This Month’s Puzzler

A welder at our site died from asphyxiation. He came in early to install new pipe brackets in the corner of our gas plant. The gas chromatograph is under the new rack. When I arrived to write the initial report after his body was removed, I noticed that the welding screen blocked in the corner. A door is nearby but always is closed as per our safety standards. The third shift operator didn’t notice the welder at the end of his shift, although the unit logbook shows the welder signing in at 6:58 am.

The first shift operator found the body during his walkthrough after the morning meeting about 8:45 am. The operator called for help and waited for the rescue team to arrive in self-contained breathing apparatus gear. The welder was pronounced dead on the scene.

My initial findings are a little unsettling: 1) recently, the N2 supply solenoid valve that purges the chromatograph was changed; 2) some PLC programming was altered to add an extra sampling point — the PLC operates the sampling pump and valves and an N2 purge used to flush the sample line; 3) the sampling line vent was recently shortened because it broke off — N2 and gas could be purging inside the building; and 4) training records show that only the operators were provided safety training — recent budget cuts eliminated training for mechanics, engineers, managers and welders.

I discussed my findings with the safety manager and the head of process engineering. The safety manager says I nailed it but the process manager scoffs, dismissively declaring that nobody could die from a tiny purge line. What do you think? If N2 is the problem, what do you reckon is causing the issue? What can we do in the short term to make the pump room safe?

Check The HVAC Air Exchanges

An oxygen analyzer — whether a permanent installation or procedural use of a temporary/portable device prior to entering the room — seems like a good idea in an enclosed room where asphyxiates are present.

As far as the process manager’s comments go, I am sure the O2 concentration could be readily calculated based on the number of air exchanges provided by the HVAC system for the room, the room dimensions, and the maximum flow rate of the N2 from the line. N2 and air have essentially the same density, so it’s not likely the N2 will concentrate in low or high spaces in the room unless there is zero air movement. If this were the case, the calculation mentioned previously would clearly indicate there’s a potential for a low oxygen environment.
David S. Tascarella, research scientist
Dow Corning Corp., Midland, Mich.

Get Corporate Help

Remember, it’s not what you believe or even what you think, it’s what you can prove. I don’t know what the politics are like in your plant but normally the process manager has more clout than the safety manager. You must prove your point. Even then, expect some pushback.

Many years ago, at a company that’s changed hands more often than a 1963 dollar bill, I ran into a similar circumstance. We’d been burning through O2 coils. I had the science. I had the lab data. I had the trend data. I had everything. I even predicted a failure. It took three years to convince managers to consider changes. The opposing superintendent attacked my conclusions and shortened my career at that company. That’s what you’re up against. Hopefully, you’ve got some support from corporate when you publish your report.

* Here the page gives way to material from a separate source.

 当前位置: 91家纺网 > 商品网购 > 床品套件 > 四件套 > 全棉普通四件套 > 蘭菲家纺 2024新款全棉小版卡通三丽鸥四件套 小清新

First, you must calculate the concentration of N2 in the enclosed area. A simple orifice calculation, assuming critical flow, will give you the supply rate based on a starting pressure (P1). Flow is critical, i.e., choked, because the end pressure (P2) is atmospheric, P2< 0.51P1 means choked flow except for thin-wall openings (refer to http://goo.gl/pLMXLq). Next, you must estimate the diffusion rate to surroundings. Granted this is all theoretical but math is our bread and butter in engineering so the proof is in the numbers.

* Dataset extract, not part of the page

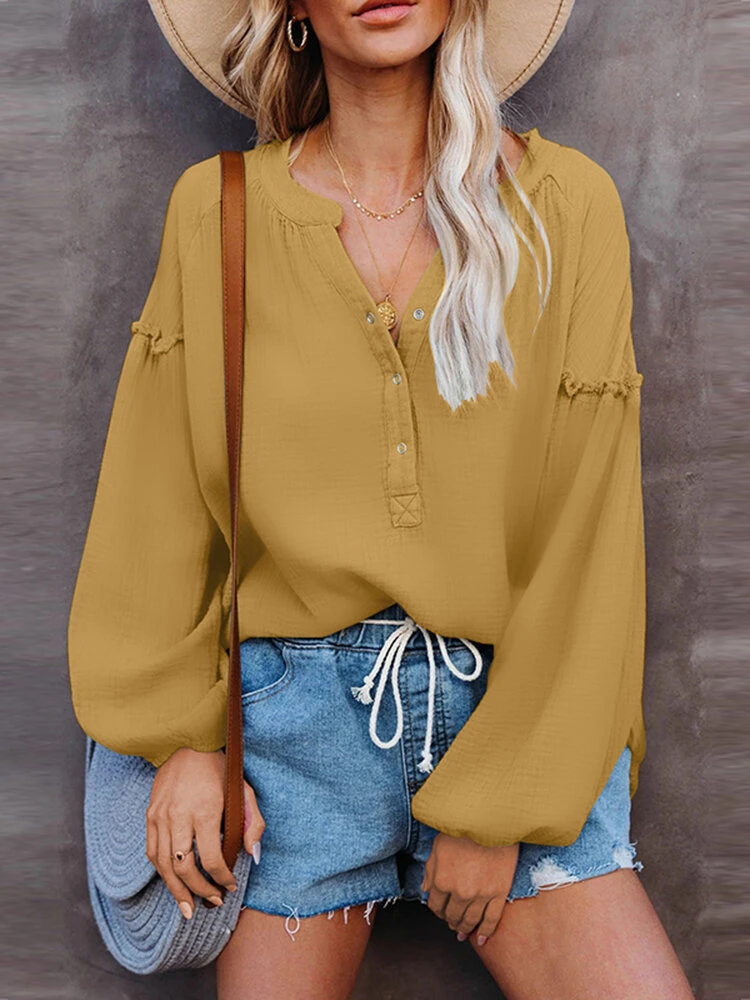 Solid Lantern Sleeve V-neck Casual Blouse For Women

This calculation also can be used to evaluate options for reducing risk in the pump room. In this situation, calculations aren’t enough. You must use O2 analyzers for the room.

For the sake of better safety, I recommend adding O2 monitors during normal welding operations because welders use inerting gas. In addition, why wasn’t a job safety analysis conducted prior to doing the work? This is standard practice at many job sites. Lastly, the operator in an area and that person’s supervisor always are responsible for new people in that area. The welder shouldn’t have been allowed entry to any job site until an operator trained to spot hazards there has inspected the area and given the okay. This accident suggests that safety training doesn’t include managers and support staff like the welder.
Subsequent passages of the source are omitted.